Dataset entries:
Start of Block

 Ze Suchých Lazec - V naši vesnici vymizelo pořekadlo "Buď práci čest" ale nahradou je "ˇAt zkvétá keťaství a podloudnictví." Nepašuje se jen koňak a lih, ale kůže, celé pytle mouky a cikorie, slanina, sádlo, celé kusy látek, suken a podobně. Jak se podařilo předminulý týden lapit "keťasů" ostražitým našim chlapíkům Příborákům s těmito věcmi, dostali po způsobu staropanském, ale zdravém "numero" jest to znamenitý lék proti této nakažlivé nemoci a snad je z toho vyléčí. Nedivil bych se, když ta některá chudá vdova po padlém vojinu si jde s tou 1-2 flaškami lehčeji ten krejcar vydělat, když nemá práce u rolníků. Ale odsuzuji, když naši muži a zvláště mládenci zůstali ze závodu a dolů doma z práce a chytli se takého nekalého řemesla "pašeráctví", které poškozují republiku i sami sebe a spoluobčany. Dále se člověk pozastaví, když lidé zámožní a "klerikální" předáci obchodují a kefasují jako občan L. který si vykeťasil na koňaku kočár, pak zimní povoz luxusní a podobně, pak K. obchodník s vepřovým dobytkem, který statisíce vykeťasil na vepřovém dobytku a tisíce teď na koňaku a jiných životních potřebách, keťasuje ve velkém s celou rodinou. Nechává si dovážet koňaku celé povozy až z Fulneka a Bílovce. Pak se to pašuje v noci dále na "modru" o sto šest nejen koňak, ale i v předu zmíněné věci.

End of Block
Start of Block

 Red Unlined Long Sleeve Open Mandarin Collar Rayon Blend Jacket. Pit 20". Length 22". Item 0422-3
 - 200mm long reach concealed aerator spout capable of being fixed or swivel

End of Block
Start of Block

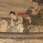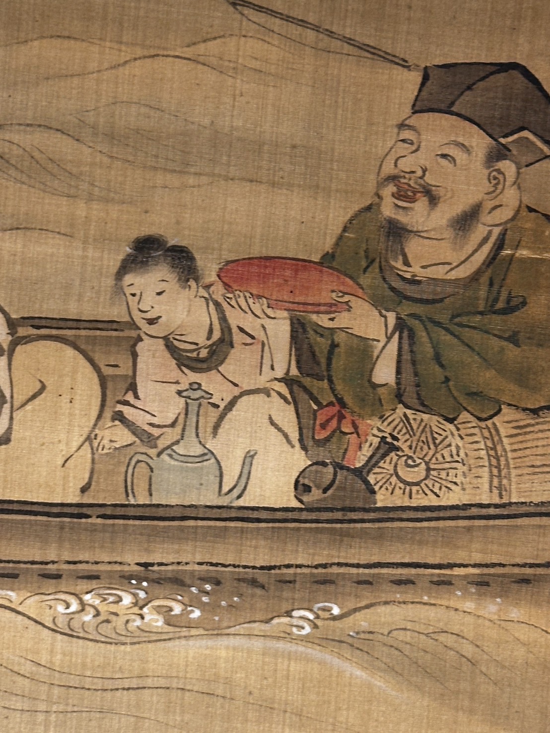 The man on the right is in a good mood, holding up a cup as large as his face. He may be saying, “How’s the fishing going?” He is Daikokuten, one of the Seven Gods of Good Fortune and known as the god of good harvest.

End of Block

Exercise description:
In the data above, find the line that contains "Red Unlined Long" and the line that contains "- 200mm long". Repeat exactly those lines and every line between them, and only those.

Your solution:
 Red Unlined Long Sleeve Open Mandarin Collar Rayon Blend Jacket. Pit 20". Length 22". Item 0422-3
 - 200mm long reach concealed aerator spout capable of being fixed or swivel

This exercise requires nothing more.